Interestingly, by examining which Ancestral genes were not present in L. kluyveri, we noticed that four genes involved in non-homologous end joining (NHEJ) (DNL4, POL4, NEJ1 and LIF1) are missing from the genome of L. kluyveri with only a degraded DNL4 pseudogene and weak traces of an NEJ1 pseudogene remaining in the ancestral locations. These four proteins are part of the end-processing complex which plays a role in NHEJ [40]–[42], and DNL4, NEJ1 and LIF1 are also part of the end-bridging complex [40]–[41]. NHEJ is generally limited to haploid yeast cells because the expression of NEJ1, a major regulator of NHEJ, is down-regulated in MATa/MATα diploid cells [43]–[44]. DNL4 is required for NHEJ, and NEJ1 regulates NHEJ, so it appears that the NHEJ pathway is missing in L. kluyveri. POL4, NEJ1 and DNL4 have also been shown to play roles in the alternative microhomology-mediated end joining (MMEJ) pathway, and deletions of these genes reduce the efficiency of this process several-fold [45]–[47]. We hypothesize that the loss of the NHEJ and MMEJ pathways (or a large reduction in their efficiency) in L. kluyveri may be linked to the low number of genomic rearrangements and lack of telomere-to-telomere fusions in this lineage. It may also be linked to the predominantly diploid lifecycle of this yeast [48], which also suggests that most DSB repair in L. kluyveri is through homologous recombination. Although the NHEJ machinery is not essential, to our knowledge L. kluyveri is the only eukaryote so far identified that lacks it. Genes for all members of the MRX and Ku complexes are still present in L. kluyveri, and the related species L. thermotolerans has a complete set of NHEJ genes.
Mapping centromeres
The locations of centromeres were already inferred bioinformatically by the original sequencing groups for all species except Saccharomyces bayanus, Vanderwaltozyma polyspora (previously called Kluyveromyces polysporus) and Naumovozyma castellii (previously called Saccharomyces castellii or Naumovia castellii). We identified and annotated centromeres in S. bayanus and V. polyspora by extracting the intergenic regions in these species orthologous to the inferred Ancestral centromeres, and used MEME [49] to generate consensus CDEI and CDEIII profiles (full sequences of all centromeric loci are in Table S2). For N. castellii, Cliften et al. [50] were unable to identify any consensus centromere sequence. We too were unable to identify consensus centromere sequences at the Ancestral centromeric locations in N. castellii (Dataset S1). We also searched the whole N. castellii genome using the consensus motif for Saccharomycetaceae point centromeres derived from all identified centromeres in all species, but still could not find any candidates. Inspection of the intergenic regions corresponding to Ancestral centromeres in preliminary genome sequence data from the related species N. dairenensis also failed to locate any candidate point centromeres (data not shown). We hypothesize that these species may represent a novel transition of centromere structure in Naumovozyma which could be analogous to the earlier replacement of epigenetic centromeres by point centromeres in yeasts [6]. The system that has potentially superseded point centromeres in Naumovozyma will require functional characterization in the laboratory.

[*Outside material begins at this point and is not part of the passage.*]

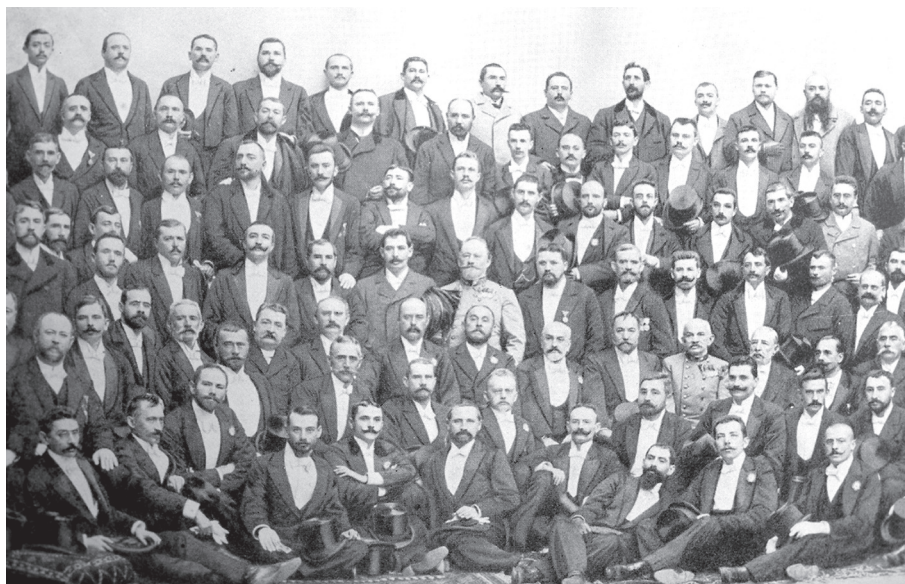
Fig. 4. Croatian physicians at the ceremony celebrating the 25 th anniversary of the Croatian Medical Association in 1899 (sic. no woman!).

The latter feature, i.e. the servile, submissive, colonialist way of adopting Anglo-Saxon medical terminology and eponymy, has now got completely out of hand,

The correspondence between Ancestral centromere locations and current centromeres for all other extant species in the YGOB species set are shown in Table 1. All but one current centromere mapped in a straightforward manner to a corresponding Ancestral centromere with full or partially conserved syntenic gene content bordering the centromeres relative to the Ancestor. The exceptional case was CEN9 of C. glabrata, which maps to Ancestral CEN6 and has undergone a series of rearrangements with breakpoints on both sides of the centromere which have eliminated all traces of synteny at this locus (Figure S1).
Table 1. Mapping between Ancestral centromeres and centromeres in extant species.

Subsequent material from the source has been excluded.